• TASK:
Keep images out and repeat all data exactly.

• DATA EXCERPT:
=== Section Start ===
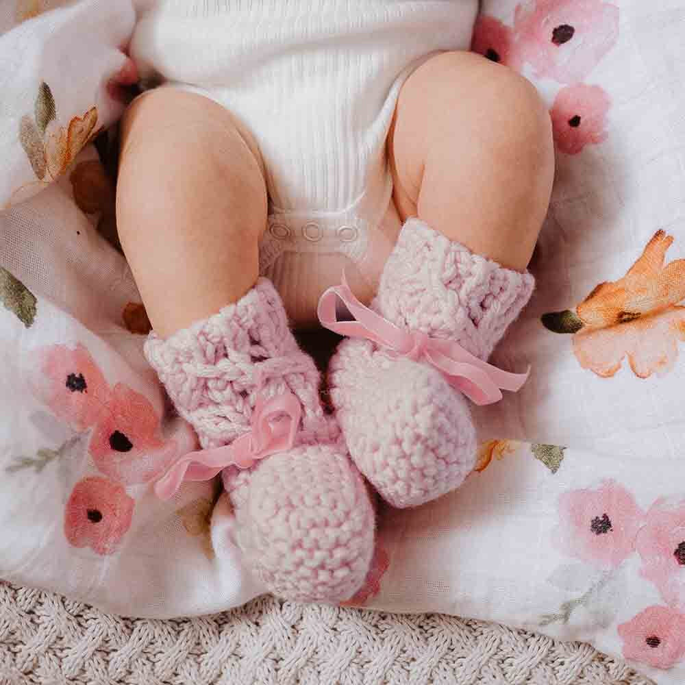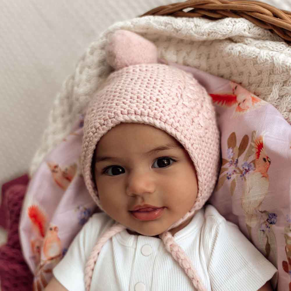 Fall in love with our handmade soft and snuggly Merino Wool Bonnet + Bootie Set. In a beautiful pale pink, this set pairs back perfectly with a number of baby wraps in the Snuugle Hunny collection. The perfect newborn gift set for a new baby or expecting parent.
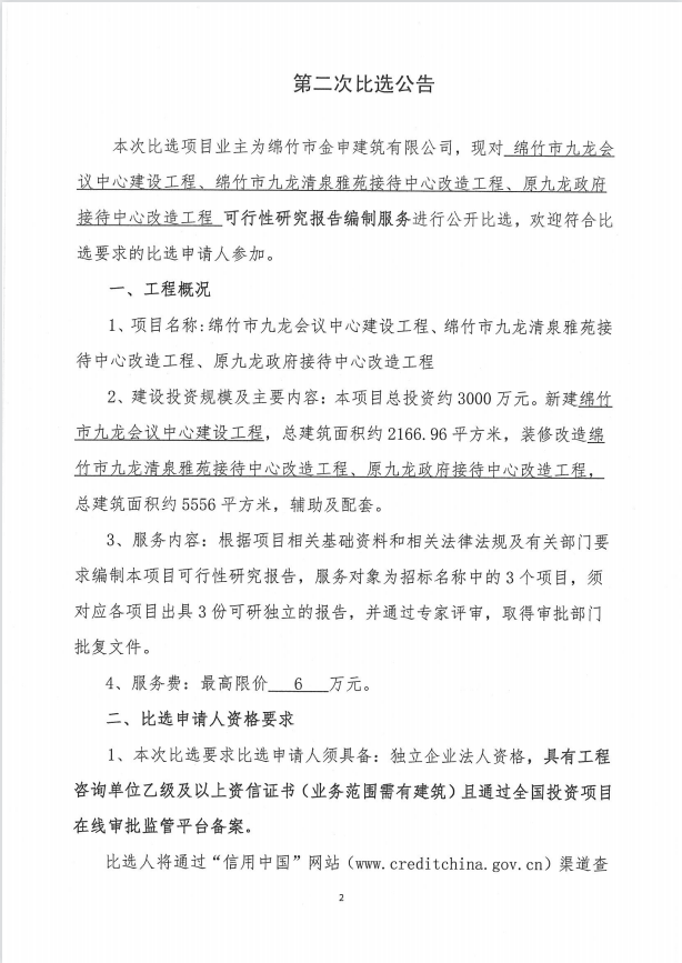 九龍系列工程可行性研究報(bào)告編制服務(wù)二次比選公告
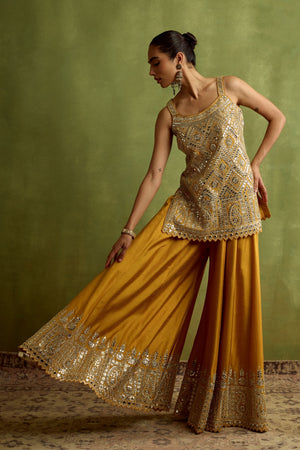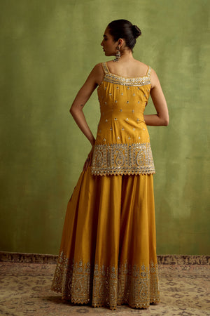 • Yellow silk kurta sharara set embroidered with zari mirrorwork
=== Section End ===
• PROBLEM SOLUTION:
 Fall in love with our handmade soft and snuggly Merino Wool Bonnet + Bootie Set. In a beautiful pale pink, this set pairs back perfectly with a number of baby wraps in the Snuugle Hunny collection. The perfect newborn gift set for a new baby or expecting parent.
 九龍系列工程可行性研究報(bào)告編制服務(wù)二次比選公告
 • Yellow silk kurta sharara set embroidered with zari mirrorwork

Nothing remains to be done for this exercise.